Awk instance Part 1

Last Update:2013-11-16 Source: Internet

Author: User

Tags ibm developerworks

Developer on Alibaba Coud: Build your first app with APIs, SDKs, and tutorials on the Alibaba Cloud. Read more ＞

Cause: Recently, google's awk tutorials go to a beginner awk series on IBM developerworks, written by Daniel Robbins, founder of Gentoo Linux many years ago. I think it is quite good, but the Chinese version on developerworks is short of a few pounds. It is confusing to see the loss of the entire segment of the original article. I wonder whether it is a machine translation problem or a layout problem? So I only had to go through the English version (my English was poor, and I was forced to read it), and I had to translate it again. I have the right to reserve it for myself and for other friends who needed it. Despite being a beginner, it is still worth seeing. I did not expect the founder of Gentoo to write such basic things for the whole life.

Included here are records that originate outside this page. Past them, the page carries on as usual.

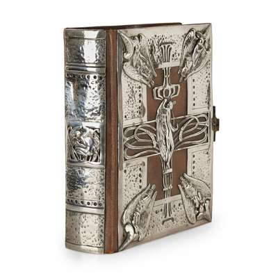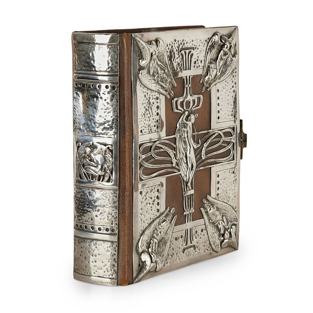 Blank album in highly decorative electroplate embossed covers, over morocco or seal leather, showing an Art Nouveau fruit and floral pattern with central figures of angels to each cover, and four angels emerging from chrysalises on each cover, signed ‘Art Union of London 1896’ to covers [see Marianne Tidcombe, 'Women Bookbinders', p.89]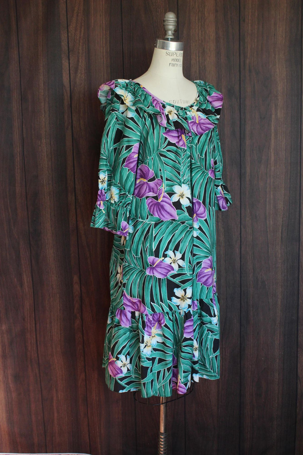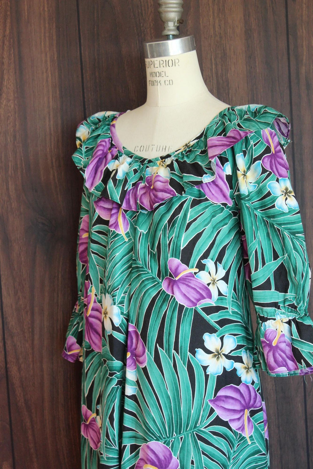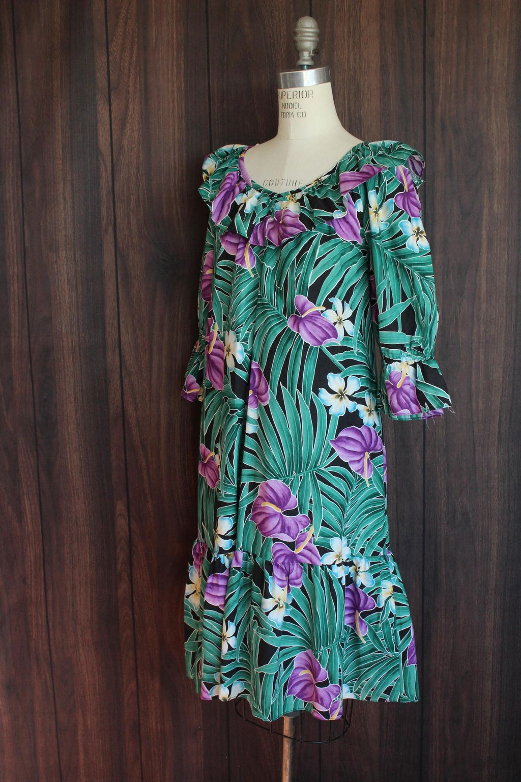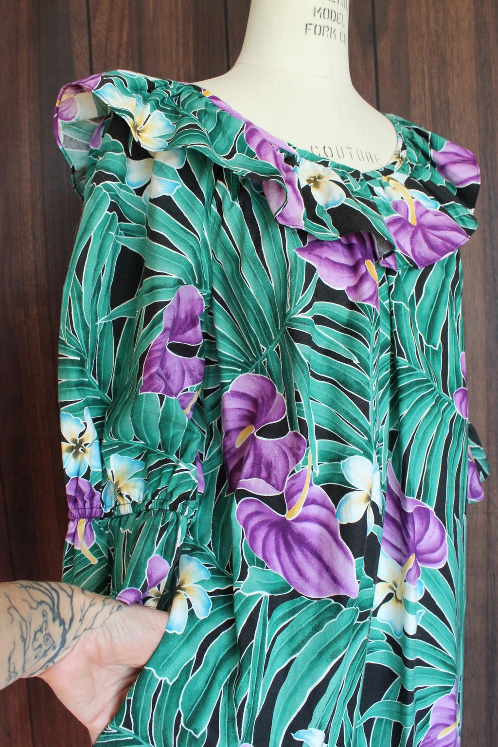 Darling vintage 1980s Hawaiian floral print dress in green black and purple with touches of blue and yellow. Mumu shape with a fun ruffle neckline and one pocket at the right hip. Unlined. Label reads: Hilo Hattie, Made in Hawaii. Size medium but do see measurements below. 100% cotton.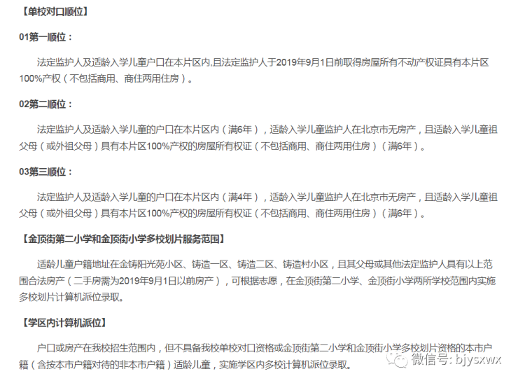 从石景山区2023年小学招生要求来看,部分小学有入学顺位说明,京京以金顶街第二小学为例,如下所示:

Address: http://www.ibm.com/developerworks/linux/library/l-awk1/index.html

Common threads: Awk by example, Part 1

A powerful language with a strange name

Summary: awk is a powerful language with a strange name. This is the first article in this series. This series includes three articles. In this article, Daniel will show you how to quickly master awk programming skills. As the series progresses, it will include more advanced topics and ultimately demonstrate a real advanced awk application.

Defend AWK

In this series of articles, I will lead you to become a skilled awk programmer. I admit that awk does not have a pretty and fashionable name, And the GNU version of awk (named gawk) sounds strange. When those who are not familiar with the language hear awk, they will think of a mess of outdated and outdated code, they think it even caused the most knowledgeable UNIX experts to go to the crazy edge (causing them to constantly use "kill-9! ", Just like using a coffee maker ).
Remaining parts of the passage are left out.